14. INTELLECTUAL PROPERTY

  1. Where the Supplier has prepared the master file for the prints for the Customer, then the copyright in the file shall remain vested in the Supplier, and shall only be used by the Customer at the Supplier’s discretion.
  2. The Customer warrants that all designs or instructions to the Supplier will not cause the Supplier to infringe any patent, registered design or trademark in the execution of the Customer’s Order and the Customer agrees to indemnify the Supplier against any action taken by a third party against the Supplier in respect of any such infringement.
  3. Unless otherwise stated by the Customer in writing, the Customer warrants that the Supplier can use Customer materials and Goods in the Supplier’s promotional materials and to depict the quality and range of the Supplier’s Goods and services.

 

15. SET-OFF

  1. The Customer shall have no right of set-off in any suit, claim or proceeding brought by the Supplier against the Customer for default in payment.
  2. The Customer acknowledges that the Supplier can produce this clause in bar of any proceeding for set-off.

 

16. INSURANCE

  1. The Customer is responsible to effect whatever insurance cover he requires at his own expense.
  2. If any of the Goods are damaged or destroyed prior to property in them passing to the Customer, the Supplier is entitled, without prejudice to any of its other rights or remedies under these Terms and Conditions of Trade (including the right to receive payment of the balance of the Price for the Goods), to receive all insurance proceeds payable for the Goods. This applies whether or not the Price has become payable under the Contract. The production of these terms and conditions by the Supplier is sufficient evidence of the Supplier’s rights to receive the insurance proceeds without the need for any person dealing with the Supplier to make further enquiries.

 

17. RETURNS

  1. Any claims for defects, damages, or shortages must be made in writing within five (5) business days after receipt of the Goods.
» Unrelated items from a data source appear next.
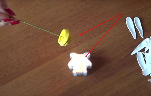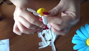 Η ιδιαιτερότητα αυτού του λουλουδιού είναι η μέση του. Πώς να το φτιάξετε σωστά από πλαστικό καστόρι περιγράφεται στις οδηγίες βίντεο:
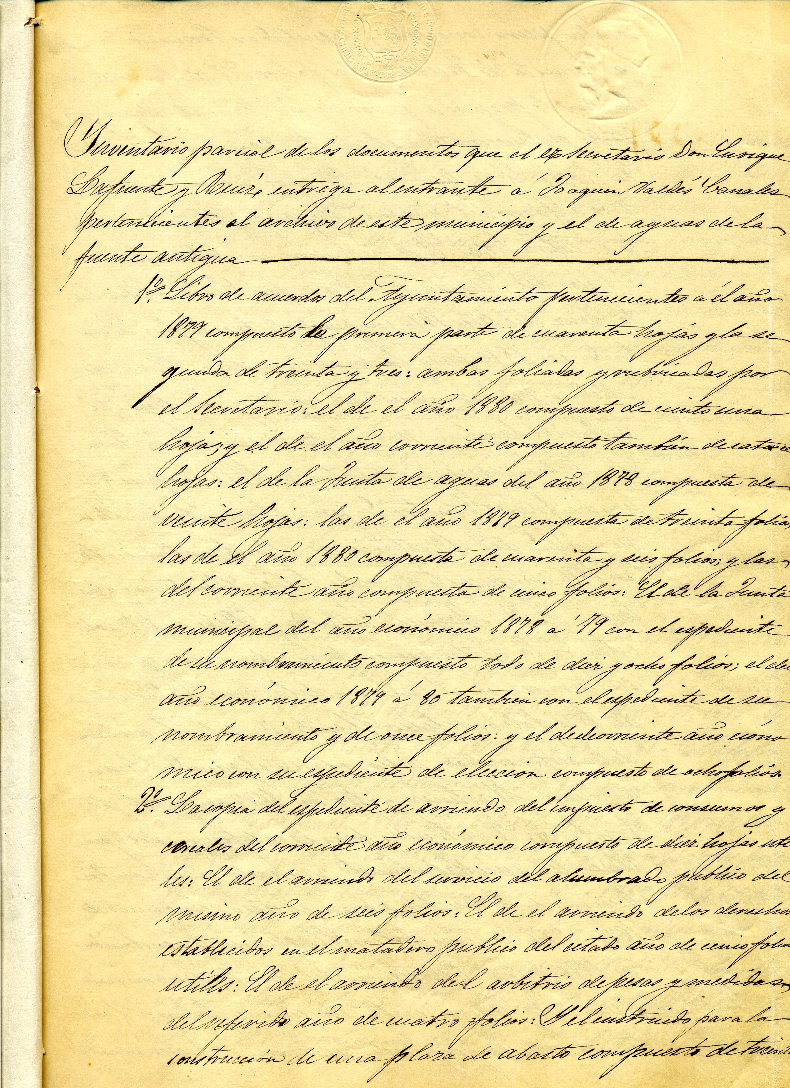 Los secretarios de los ayuntamientos estaban obligados a “custodiar y ordenar el archivo municipal donde no hubiere archivero, formando inventario de todos sus papeles y documentos”, gracias a lo cual el Archivo Municipal conserva tres inventarios de finales del siglo XIX, concretamente de los años 1881, 1895 y 1898.
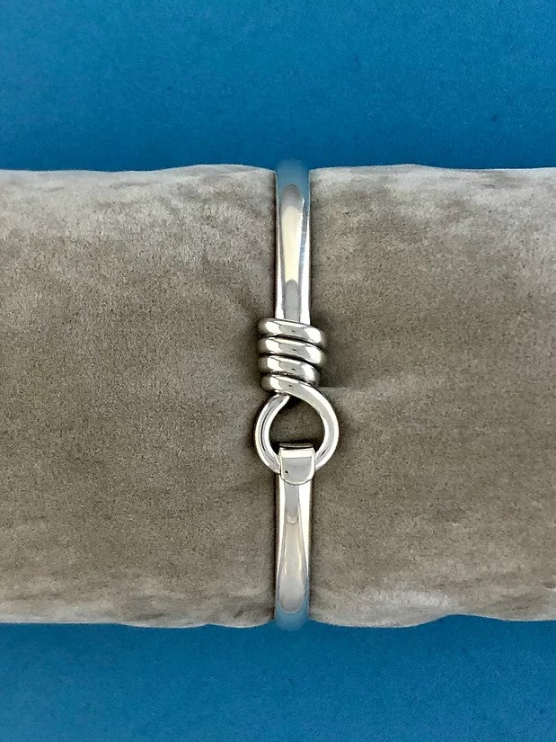 Sterling Silver handmade bangle with a silver twist loop hook top design
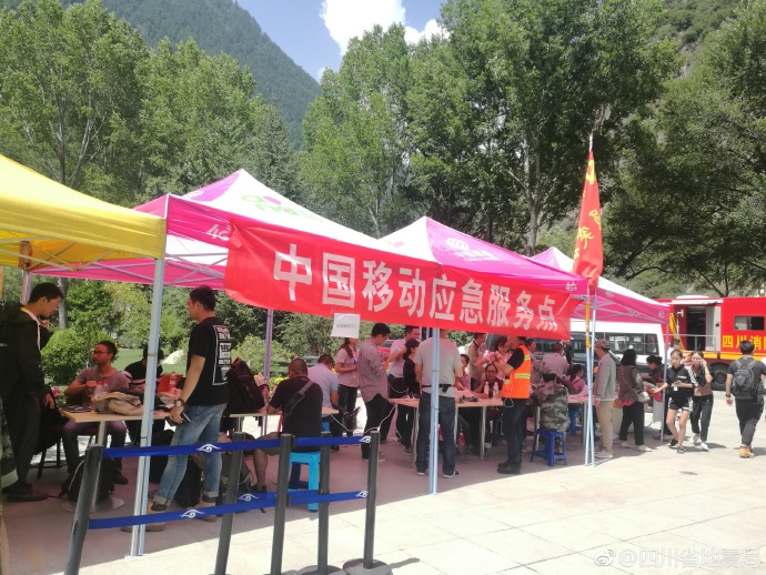 中國移動在九寨溝溝口票務中心設立應急服務點
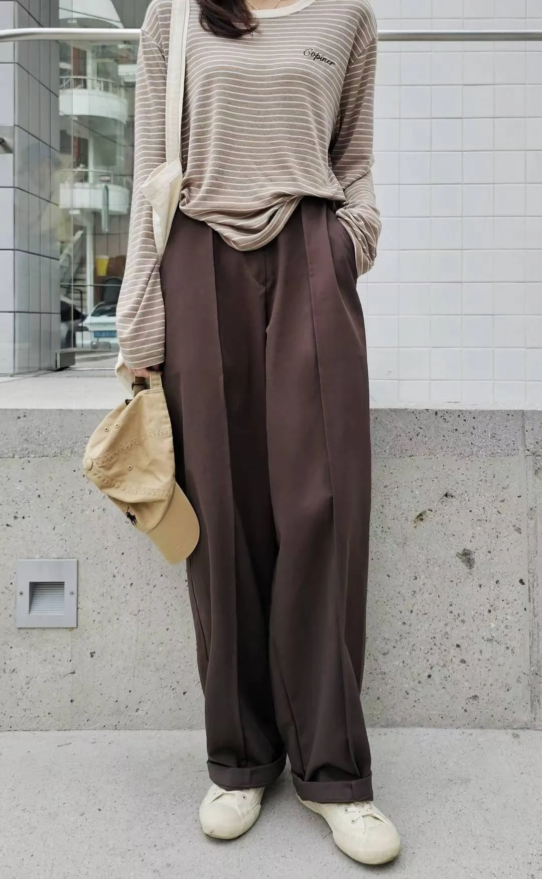 休閒舒適的繭型長褲,稍寬版的鬆弛感滿滿,搭配秋冬T恤或是襯衫都合適🍁🍂

The Customer shall afford the Supplier an opportunity to inspect the Goods within a reasonable time following delivery if the Customer believes the Goods are defective in any way.
  2. If the Customer does not give the notice as required in clause 17.1. the Customer is deemed to have accepted the Goods or Services in accordance with the terms and conditions and free from any defect or damage.
  3. If the Goods are delivered in a damaged condition or in damaged boxes, it is the Customer’s responsibility to note this on the delivery docket with the courier immediately upon delivery.
  4. The Supplier will replace only those orders that were processed incorrectly.
  5. The Supplier at its sole option will repair or reprint any order or part thereof that contains abnormal imperfections or fails to provide a reasonable representation of the approved colour proof. A reasonable colour variation between the approved proof and final printed product is unavoidable, expected and shall constitute an acceptable delivery.
  6. The Supplier at its sole option may elect to provide, in lieu of repair or reprinting of an order a pro-rated credit for the damaged portion of an order. The replacement of the order will take place only after the receipt of returned merchandise in its original packaging.
  7. The Supplier will not replace the order if it determines that the order was misused or mishandled by the Customer or part of the order was used by the Customer and part of the order is being returned.  The Customer must receive a written authorisation to return a defective order or portion in advance of return.
  8. The Supplier’s liability for defective orders is limited to the price of the order exclusive of any shipping or postage charges.

 

18. JURISDICTION

  1. This agreement is deemed to be made in the State of Victoria and all disputes hereunder shall be determined by the appropriate courts of Victoria.

 

19. ENTIRE AGREEMENT

  1. The conditions set out in this agreement constitute the whole agreement made between the Customer and the Supplier.
  2. This agreement can only be amended in writing signed by each of the parties.
  3. All prior discussions and negotiations are merged within this document and the Supplier expressly waives all prior representations made by him or on his behalf that are in conflict with any clauses in this document in any way.